▒ 1 ▒ Chaos

41 5 2
                                    

Enkele jaren later


Stofwolken ontnamen hem het zicht op Olympia, maar de steeds groter wordende massa en drukte  vertelden  Cleomenes  dat  de  eindbestemming  naderde. Het  was  broeierig warm.  Cimon, zijn  vriend, zag grauw van uitputting. 

'Sneller,' mompelde Cleomenes. Hij tuurde voor zich uit en ging iets rechter  zitten  op  zijn paard. Algauw  zaten  ze  midden in  de bedrijvigheid. Handelaars schreeuwden naar de toestromende reizigers en probeerden  hun  buren  te overdonderen. De haastig opgezette kraampjes langs de kant van de weg stonden propvol waren. Cimons  blik gleed naar een plateau met broodjes. 

'Stoppen we hier?' 

Cleomenes probeerde niet te letten op zijn hongerige reisgenoot en tuurde over de lange sliert mensen heen.
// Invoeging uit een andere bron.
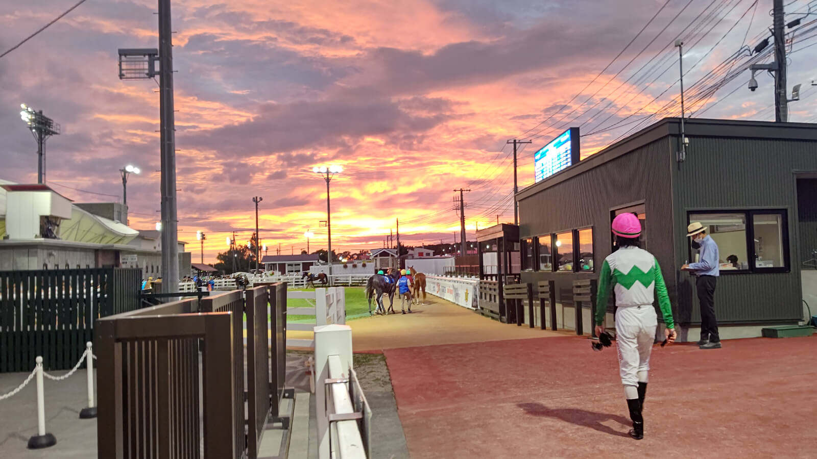 • 夕焼けに染まる優駿たち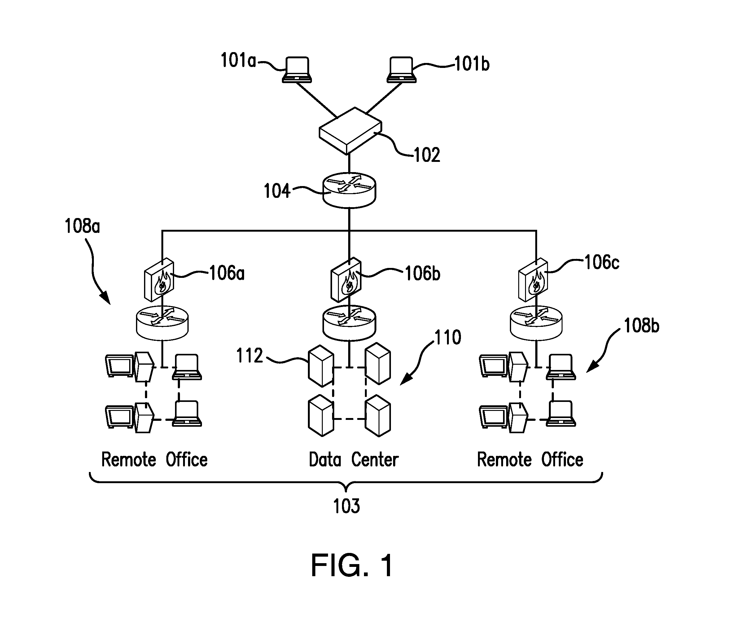 In accordance with an illustrated embodiment of the present invention, reference is now made to FIG. 1 which is an exemplary and non-limiting diagram illustrating a network architecture to which embodiments of the present invention are applicable. In the illustrated embodiment of FIG. 1, one or more external devices 101a, 101b communicate with a protected network 103 and specifically one or more devices within one of the remote offices 108a, 108b and/or a server within a data center 110. In the illustrated example, the external devices 101a, 101b may connect to a destination device using an attack mitigation device 102. The protected network 103 includes a plurality of devices/servers to be protected from malicious threats.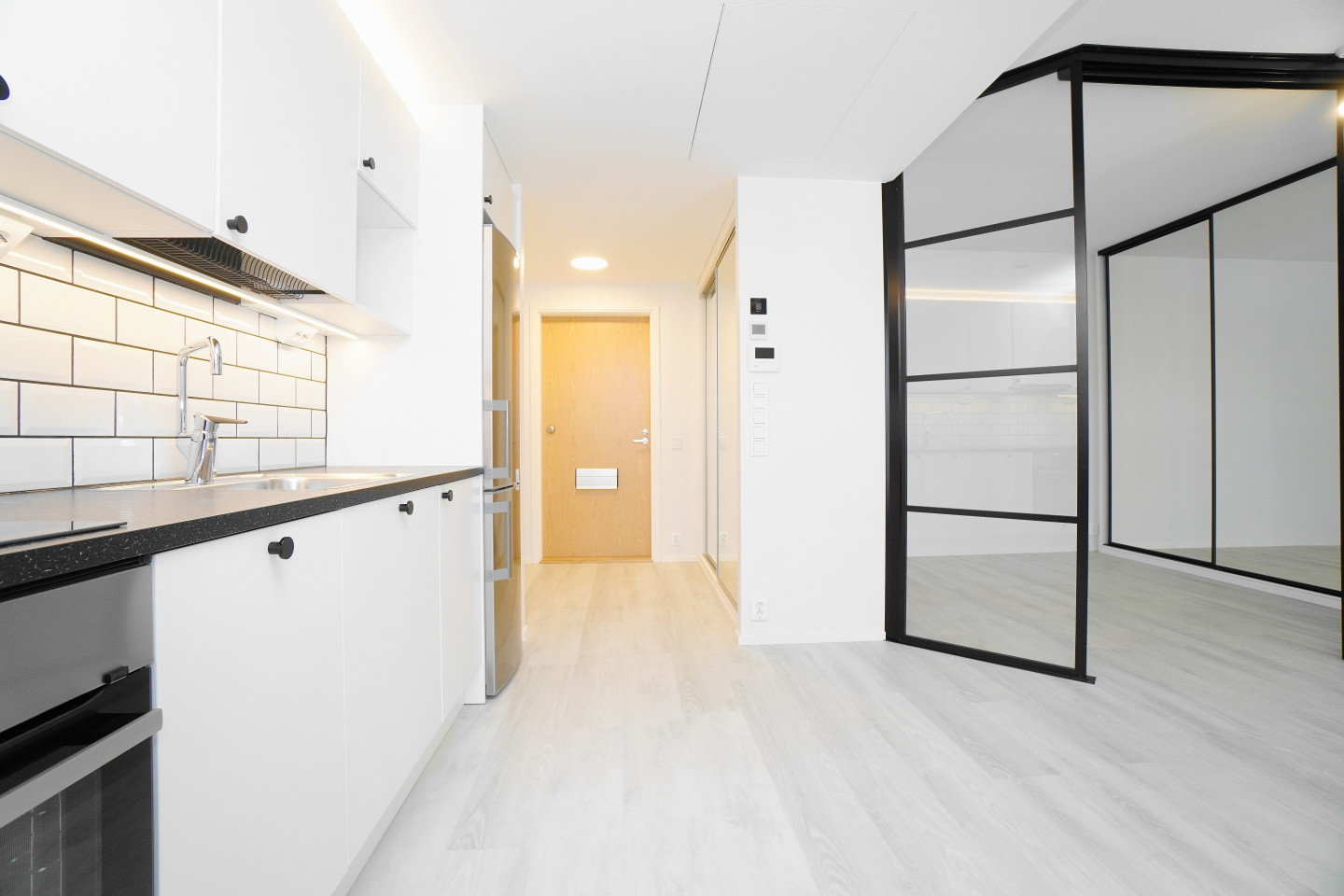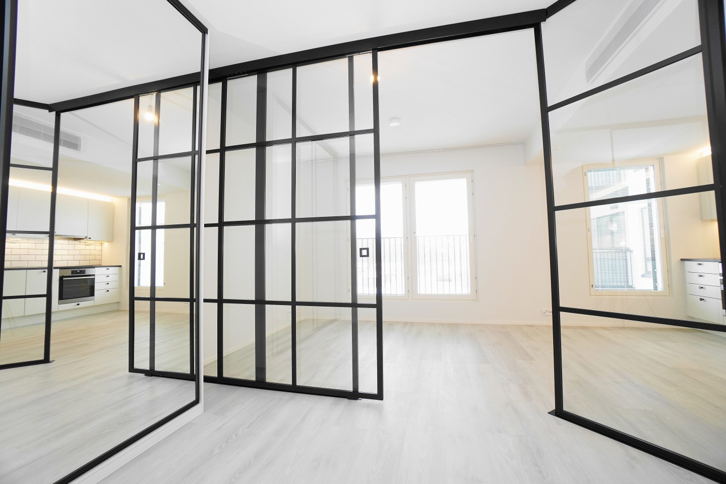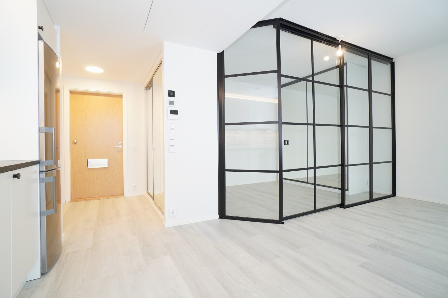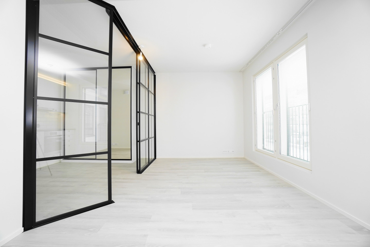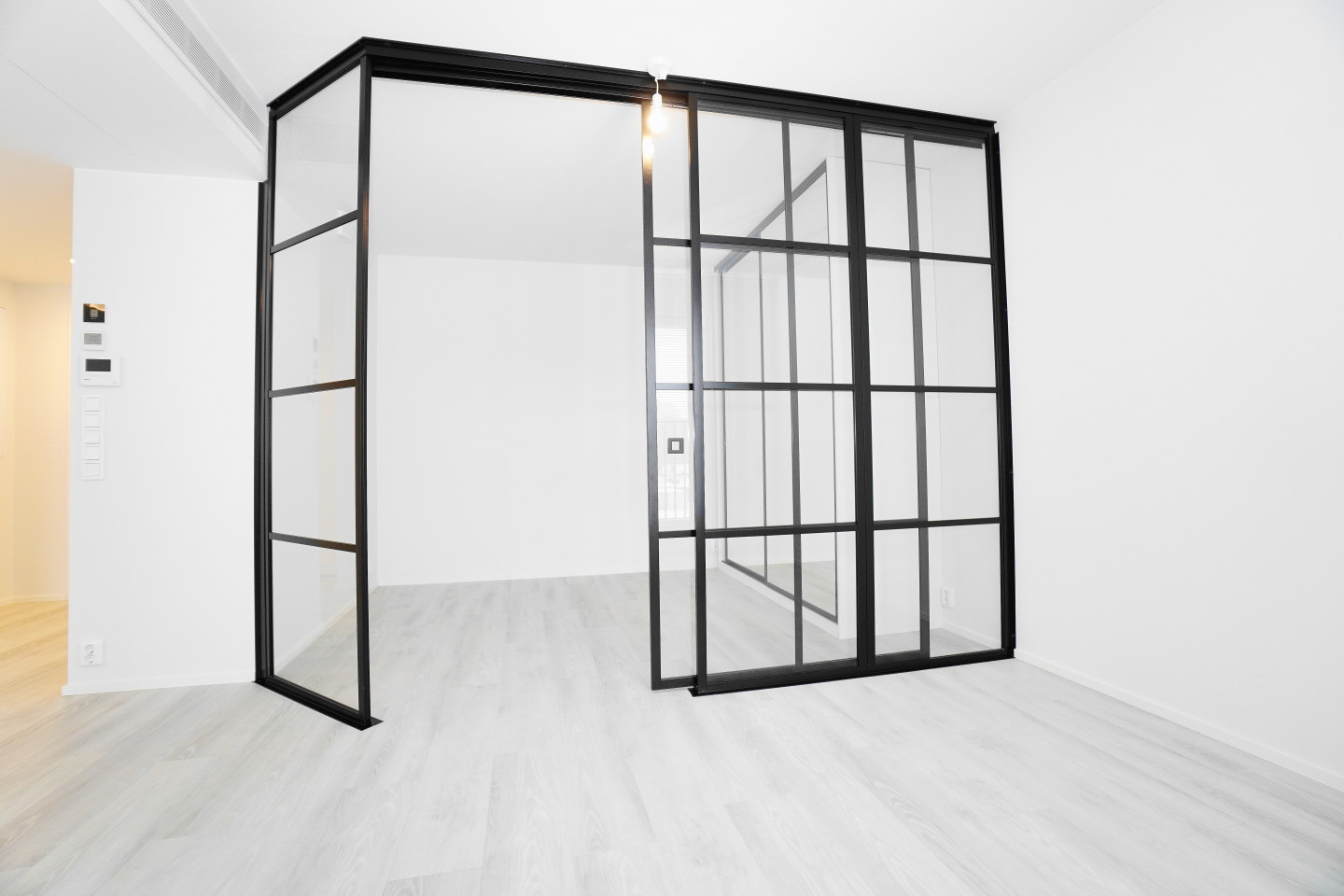 Trendikkäät lasiset mustin kehyksin jakaa makuutilan.

Zelfs in de verte, waar de tempel van Zeus in normale omstandigheden misschien al te zien zou zijn, wemelde het van het volk.
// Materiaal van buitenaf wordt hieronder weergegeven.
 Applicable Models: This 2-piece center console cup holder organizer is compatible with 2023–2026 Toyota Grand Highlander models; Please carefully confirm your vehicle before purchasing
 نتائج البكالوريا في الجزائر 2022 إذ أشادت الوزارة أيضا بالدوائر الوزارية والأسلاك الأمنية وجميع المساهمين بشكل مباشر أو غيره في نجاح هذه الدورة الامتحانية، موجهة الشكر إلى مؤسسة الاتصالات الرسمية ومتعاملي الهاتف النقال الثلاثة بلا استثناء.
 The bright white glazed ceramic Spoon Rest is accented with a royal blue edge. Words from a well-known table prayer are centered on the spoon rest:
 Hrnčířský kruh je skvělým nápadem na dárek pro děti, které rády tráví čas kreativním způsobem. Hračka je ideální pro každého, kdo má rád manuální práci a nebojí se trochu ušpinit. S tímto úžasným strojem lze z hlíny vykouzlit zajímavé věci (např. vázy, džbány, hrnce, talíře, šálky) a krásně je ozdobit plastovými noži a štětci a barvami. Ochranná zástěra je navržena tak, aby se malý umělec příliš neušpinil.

Een jonge man die vlak voor Cleomenes' paard liep, draaide zich opeens om toen het paard naast zijn oor brieste. Zijn ogen werden groot toen hij de ongeduldige Spartaan zag.

'Maak plaats!' schreeuwde de man naar de mensen voor zich. Sommigen keken om en drumden verder, maar de meesten hoorden zijn kreet niet die opgeslokt werd door het lawaai.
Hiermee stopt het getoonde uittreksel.